INPUT DATA ▸

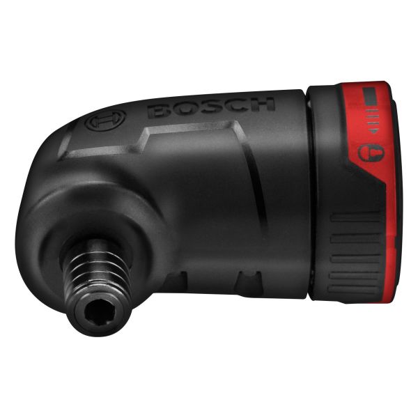 Retvinklet adapter med bitholder til applikationer med begrænset plads til Bosch GSR 18V-60 FC og GSR 18 V-EC FC2 med FlexiClick-system. Bosch FlexiClick additiver kan låses i 16 forskellige positioner (360°) uden at fjerne dem fra batteriskruetrækkeren.
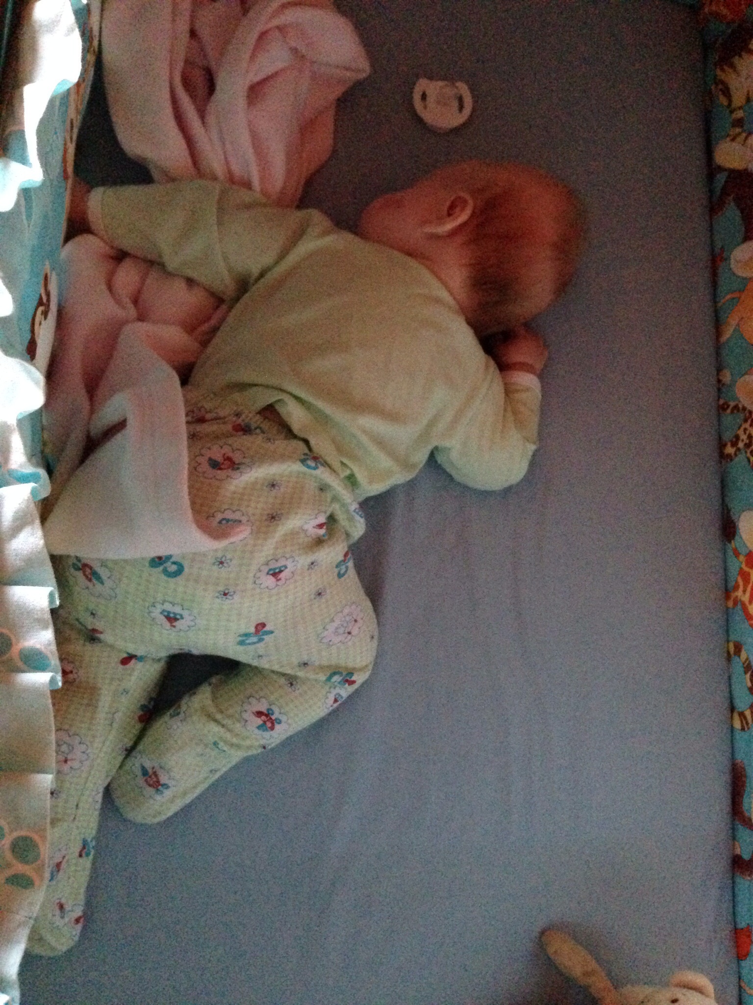 Нет, сушки нет. И меня теперь там тоже нет Мы теперь деревенские кочевники Сегодня потеряла Дашу, в 7:35 проснулась и не понимаю что происходит, тишина, в окошке только птички утренние поют, подхожу к кроватке и вижу (см фото) 21:05 кормление 22:20 уснула 03:00 завертелась, попила воды 08:20 проснулась Сегодня была ночь без еды и просыпаний. Прям праздник какой-то, надо запомнить этот день))) Я всё еще веду дневник её режима, мне помогает, иногда просматриваю, анализирую. Она практически всегда уже засыпает сама, я её не качаю, очень редко вечером или днём бывает, а так кладу её и она сама засыпает. Днём засыпает быстро, вечером иногда (как вчера) может засыпать час, лежит кувыркается, ищет удобную позу. С 3х месяцев в подгузник не какает, я её высаживаю. Она подает сигналы что ей надо в туалет, но иногда да, сигналы я могу просмотреть и дело делается в подгузник. Стоит на четвереньках качается, еще не ползает, только задним ходом, изредка получается вперед. И по питанию, что вы вводили после кабачка, брокколи и цветной капусты?
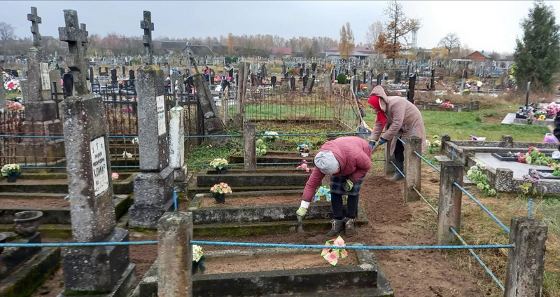 31 октября в рамках епархиальной акции «У Бога все живы» благочинный Дятловского церковного округа иерей Иоанн Кисель и прихожане храма в честь святых новомучеников и исповедников Церкви Русской г. Дятлова потрудились на уборке местного кладбища.

WHAT IS REQUIRED ▸
Output the line containing "Нет, сушки нет." along with every line after it to the end of the material, exactly as written, but without pictures.

RESULT ▸
 Нет, сушки нет. И меня теперь там тоже нет Мы теперь деревенские кочевники Сегодня потеряла Дашу, в 7:35 проснулась и не понимаю что происходит, тишина, в окошке только птички утренние поют, подхожу к кроватке и вижу (см фото) 21:05 кормление 22:20 уснула 03:00 завертелась, попила воды 08:20 проснулась Сегодня была ночь без еды и просыпаний. Прям праздник какой-то, надо запомнить этот день))) Я всё еще веду дневник её режима, мне помогает, иногда просматриваю, анализирую. Она практически всегда уже засыпает сама, я её не качаю, очень редко вечером или днём бывает, а так кладу её и она сама засыпает. Днём засыпает быстро, вечером иногда (как вчера) может засыпать час, лежит кувыркается, ищет удобную позу. С 3х месяцев в подгузник не какает, я её высаживаю. Она подает сигналы что ей надо в туалет, но иногда да, сигналы я могу просмотреть и дело делается в подгузник. Стоит на четвереньках качается, еще не ползает, только задним ходом, изредка получается вперед. И по питанию, что вы вводили после кабачка, брокколи и цветной капусты?
 31 октября в рамках епархиальной акции «У Бога все живы» благочинный Дятловского церковного округа иерей Иоанн Кисель и прихожане храма в честь святых новомучеников и исповедников Церкви Русской г. Дятлова потрудились на уборке местного кладбища.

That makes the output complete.